=== About this task ===
Give back, exactly and with nothing else, the lines running from the one that contains "当前市场热点轮动加速,资金高" to the end of the entries below; do not include pictures.

=== Dataset entries ===
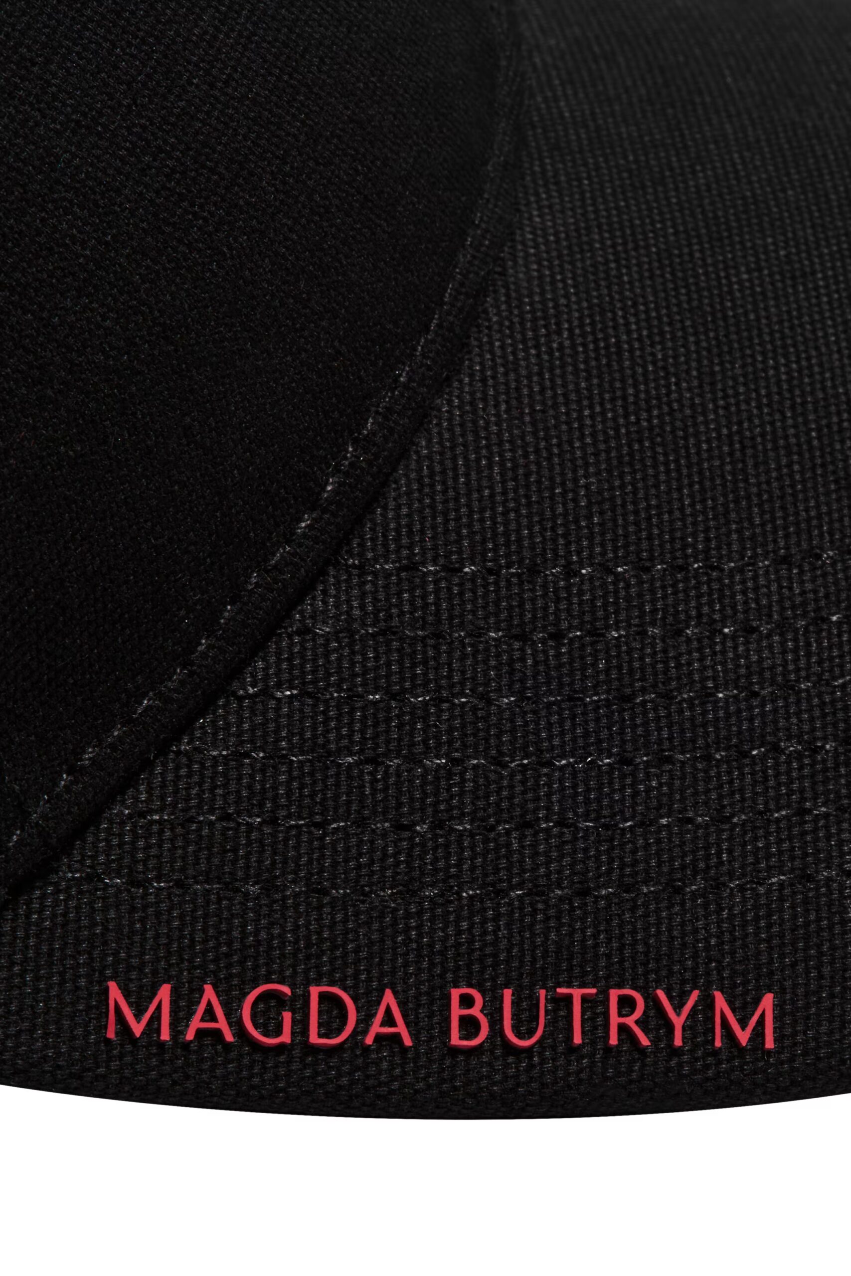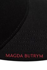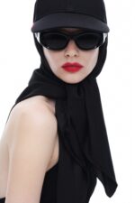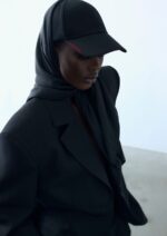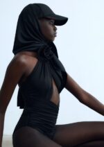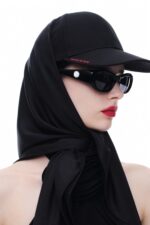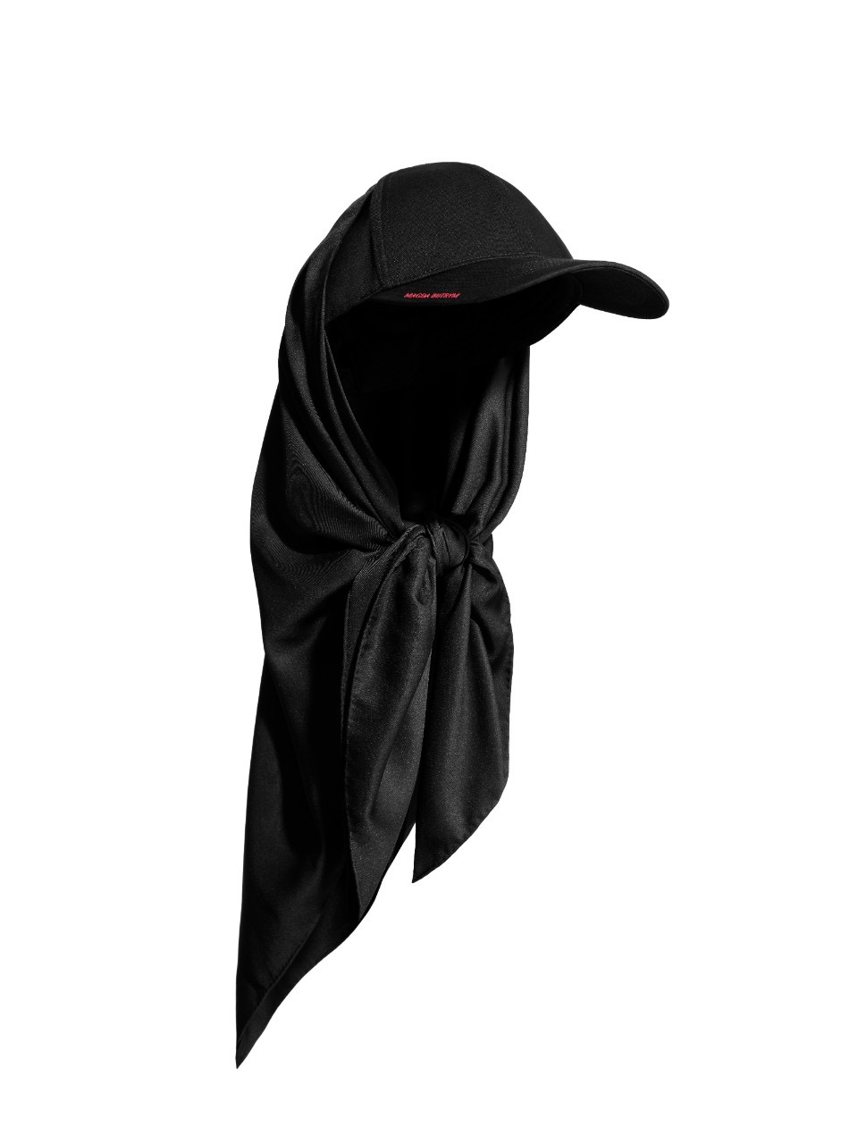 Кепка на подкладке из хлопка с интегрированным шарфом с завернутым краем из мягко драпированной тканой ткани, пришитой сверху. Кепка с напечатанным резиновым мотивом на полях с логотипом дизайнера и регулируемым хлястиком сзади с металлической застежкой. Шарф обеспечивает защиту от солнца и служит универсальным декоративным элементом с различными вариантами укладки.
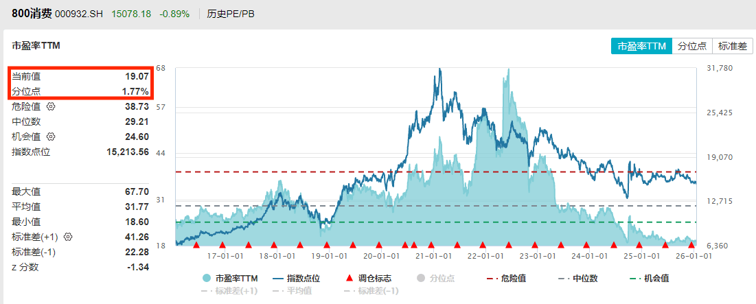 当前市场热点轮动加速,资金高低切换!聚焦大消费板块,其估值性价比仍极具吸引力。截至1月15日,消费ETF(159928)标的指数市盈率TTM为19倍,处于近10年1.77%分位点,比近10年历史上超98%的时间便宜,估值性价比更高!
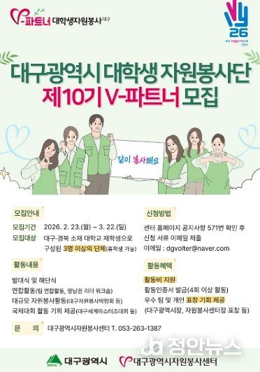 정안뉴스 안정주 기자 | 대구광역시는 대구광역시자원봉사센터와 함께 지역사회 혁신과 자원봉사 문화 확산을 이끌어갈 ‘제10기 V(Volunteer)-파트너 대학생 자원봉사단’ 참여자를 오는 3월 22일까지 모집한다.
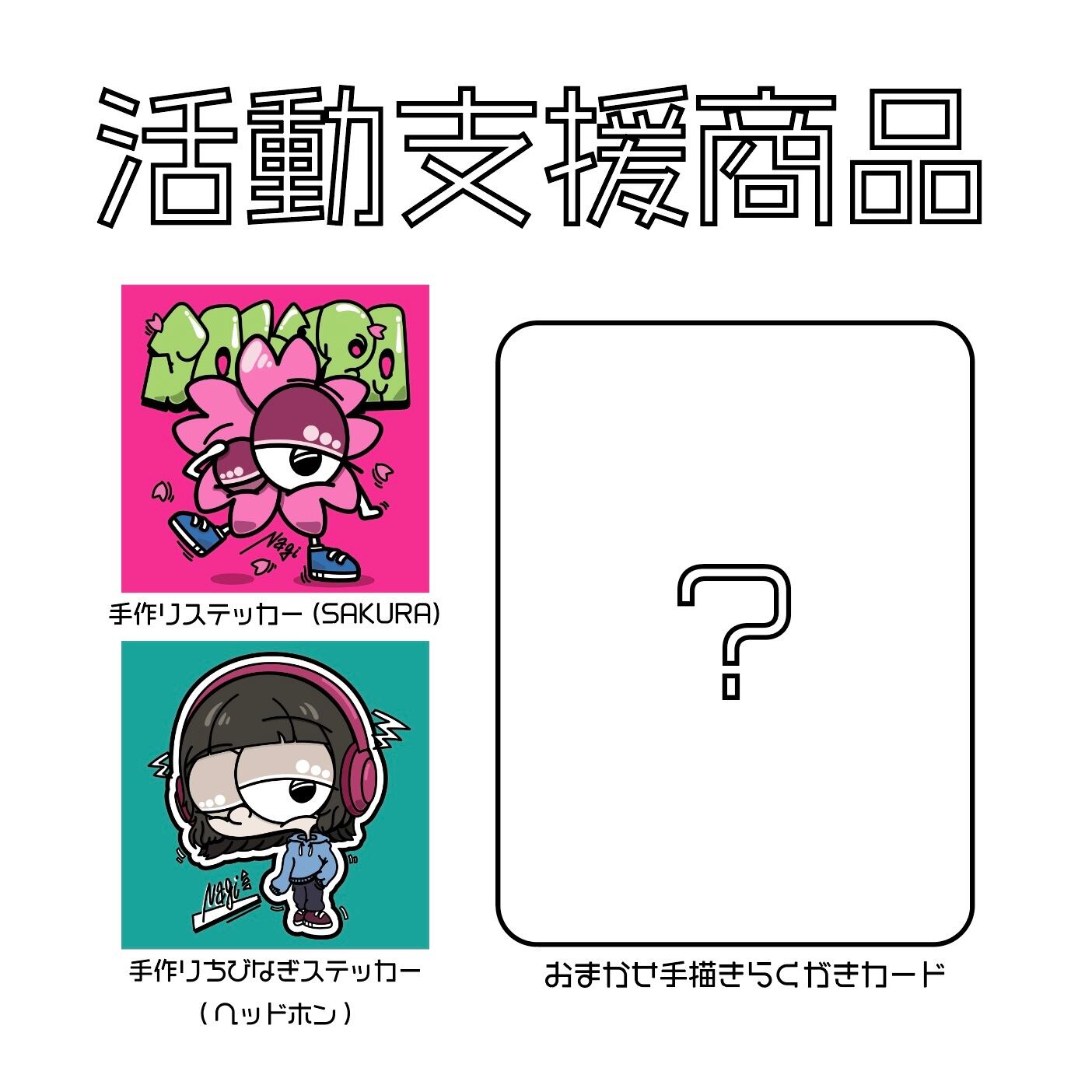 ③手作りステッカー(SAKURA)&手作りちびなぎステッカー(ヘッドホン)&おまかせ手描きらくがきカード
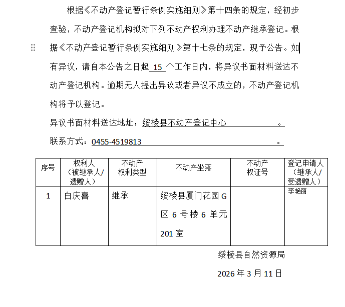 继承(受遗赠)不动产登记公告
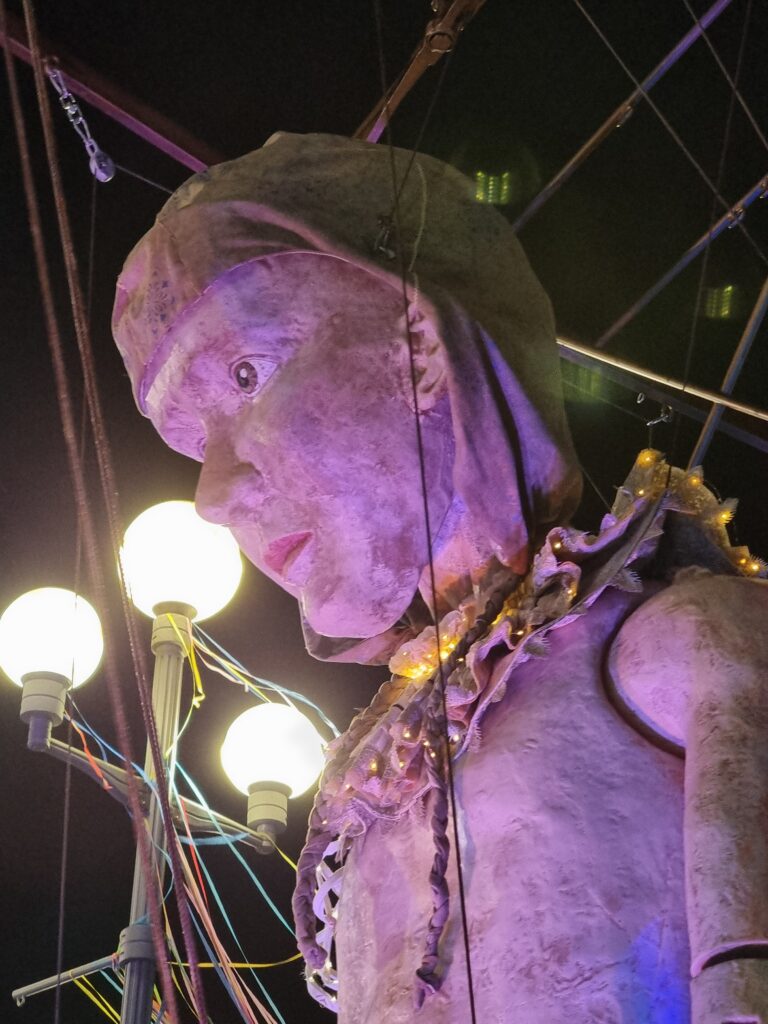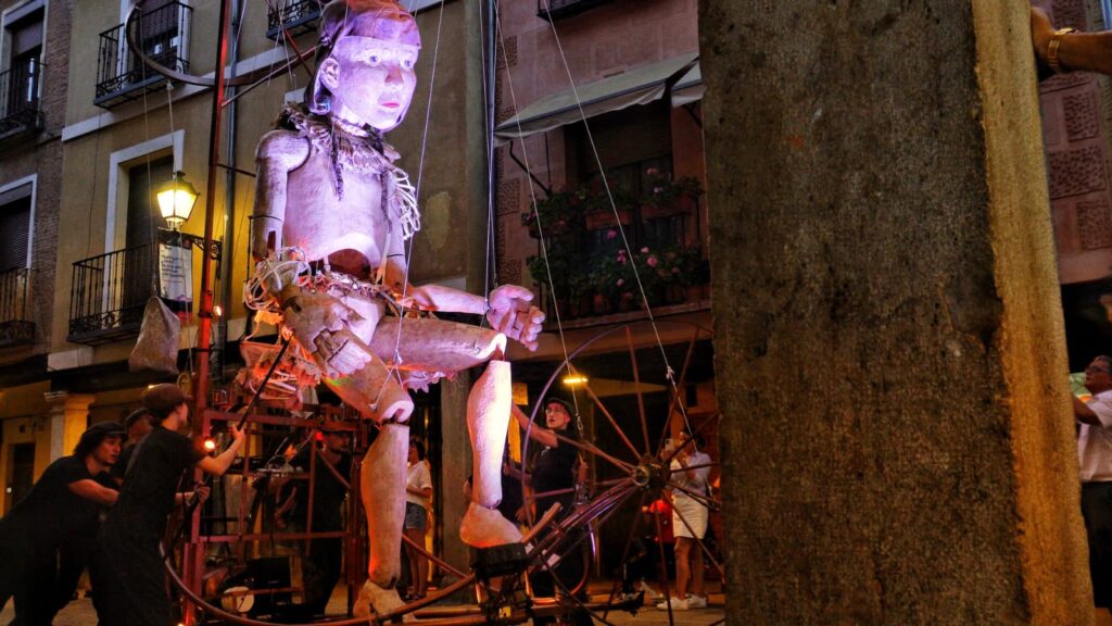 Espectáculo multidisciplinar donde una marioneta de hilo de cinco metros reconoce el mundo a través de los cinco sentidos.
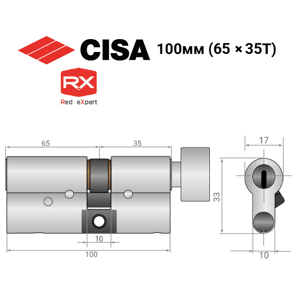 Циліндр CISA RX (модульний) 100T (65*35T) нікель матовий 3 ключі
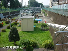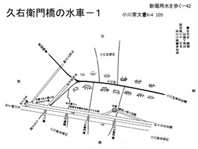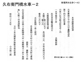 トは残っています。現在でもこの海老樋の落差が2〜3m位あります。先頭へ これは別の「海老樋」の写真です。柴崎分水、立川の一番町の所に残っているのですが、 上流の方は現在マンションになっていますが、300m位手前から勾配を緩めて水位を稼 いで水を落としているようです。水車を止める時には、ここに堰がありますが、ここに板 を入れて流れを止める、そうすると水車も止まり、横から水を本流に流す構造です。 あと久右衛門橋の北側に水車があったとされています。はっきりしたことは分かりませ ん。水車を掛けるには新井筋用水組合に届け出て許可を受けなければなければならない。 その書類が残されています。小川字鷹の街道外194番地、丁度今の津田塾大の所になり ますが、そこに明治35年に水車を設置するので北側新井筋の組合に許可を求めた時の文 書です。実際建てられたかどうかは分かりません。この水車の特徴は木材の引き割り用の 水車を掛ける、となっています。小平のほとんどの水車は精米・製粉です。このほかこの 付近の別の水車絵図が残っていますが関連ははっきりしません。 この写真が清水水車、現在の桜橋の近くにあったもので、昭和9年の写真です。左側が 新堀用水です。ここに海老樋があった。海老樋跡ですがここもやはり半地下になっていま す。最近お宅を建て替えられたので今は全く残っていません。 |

=== Response to this task ===
 当前市场热点轮动加速,资金高低切换!聚焦大消费板块,其估值性价比仍极具吸引力。截至1月15日,消费ETF(159928)标的指数市盈率TTM为19倍,处于近10年1.77%分位点,比近10年历史上超98%的时间便宜,估值性价比更高!
 정안뉴스 안정주 기자 | 대구광역시는 대구광역시자원봉사센터와 함께 지역사회 혁신과 자원봉사 문화 확산을 이끌어갈 ‘제10기 V(Volunteer)-파트너 대학생 자원봉사단’ 참여자를 오는 3월 22일까지 모집한다.
 ③手作りステッカー(SAKURA)&手作りちびなぎステッカー(ヘッドホン)&おまかせ手描きらくがきカード
 继承(受遗赠)不动产登记公告
 Espectáculo multidisciplinar donde una marioneta de hilo de cinco metros reconoce el mundo a través de los cinco sentidos.
 Циліндр CISA RX (модульний) 100T (65*35T) нікель матовий 3 ключі
 トは残っています。現在でもこの海老樋の落差が2〜3m位あります。先頭へ これは別の「海老樋」の写真です。柴崎分水、立川の一番町の所に残っているのですが、 上流の方は現在マンションになっていますが、300m位手前から勾配を緩めて水位を稼 いで水を落としているようです。水車を止める時には、ここに堰がありますが、ここに板 を入れて流れを止める、そうすると水車も止まり、横から水を本流に流す構造です。 あと久右衛門橋の北側に水車があったとされています。はっきりしたことは分かりませ ん。水車を掛けるには新井筋用水組合に届け出て許可を受けなければなければならない。 その書類が残されています。小川字鷹の街道外194番地、丁度今の津田塾大の所になり ますが、そこに明治35年に水車を設置するので北側新井筋の組合に許可を求めた時の文 書です。実際建てられたかどうかは分かりません。この水車の特徴は木材の引き割り用の 水車を掛ける、となっています。小平のほとんどの水車は精米・製粉です。このほかこの 付近の別の水車絵図が残っていますが関連ははっきりしません。 この写真が清水水車、現在の桜橋の近くにあったもので、昭和9年の写真です。左側が 新堀用水です。ここに海老樋があった。海老樋跡ですがここもやはり半地下になっていま す。最近お宅を建て替えられたので今は全く残っていません。 |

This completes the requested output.